UserProfile and ProductListing have nothing in common structurally. They share no state, no base behavior. But both commit to the Serializable and Printable contracts. This is exactly the use case for interfaces. You wouldn't put these two under the same abstract class because they don't share a "kind of thing" relationship.


Code Example 3 — The Wrong Way and the Right Way

This is the code pattern that causes most interview confusion.

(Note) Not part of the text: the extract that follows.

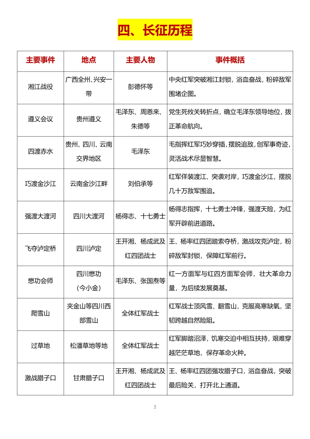 考试常考长征事件与人物的对应关系,或者给出情节要你填事件名称。例如四渡赤水是毛泽东指挥红军,摆脱追敌,创军事奇迹;遵义会议是毛泽东、周恩来、朱德等人在贵州开展的会议,是党生死攸关的转折点。我们要注意事件、地点和人物不能混淆。

Candidates often reach for the wrong tool.

// WRONG: Using abstract class when there is zero shared state or implementation
// This is an interface disguised as an abstract class
abstract class Logger {
  abstract log(message: string): void;
  abstract warn(message: string): void;
  abstract error(message: string): void;
}
// Problem: no state, no constructor used, no concrete methods
// This adds inheritance coupling with no benefit over an interface

// RIGHT: Use an interface for a pure contract
interface Logger {
  log(message: string): void;
  warn(message: string): void;
  error(message: string): void;
}

// Now ConsoleLogger and FileLogger are completely independent
class ConsoleLogger implements Logger {
  log(message: string): void {
    console.log(`[LOG] ${message}`);
  }

  warn(message: string): void {
    console.warn(`[WARN] ${message}`);
  }

  error(message: string): void {
    console.error(`[ERROR] ${message}`);
  }
}

class FileLogger implements Logger {
  private logFile: string;

  constructor(logFile: string) {
    this.logFile = logFile;
  }

  log(message: string): void {
    // Write to file in production
    console.log(`[FILE:${this.logFile}] LOG: ${message}`);
  }

  warn(message: string): void {
    console.log(`[FILE:${this.logFile}] WARN: ${message}`);
  }

  error(message: string): void {
    console.log(`[FILE:${this.logFile}] ERROR: ${message}`);
  }
}

// Both loggers work anywhere a Logger is expected
function runApplication(logger: Logger): void {
  logger.log("Application started");
  logger.warn("Low memory detected");
  logger.error("Database connection failed");
}

runApplication(new ConsoleLogger());
runApplication(new FileLogger("app.log"));

[UNIQUE INSIGHT]: The real performance difference between abstract class and interface in TypeScript is zero at runtime. Both compile to plain JavaScript. The choice is entirely about design intent and maintainability signals you send to other developers reading your code. Choosing abstract class says "these things share an ancestry." Choosing interface says "these things share a promise."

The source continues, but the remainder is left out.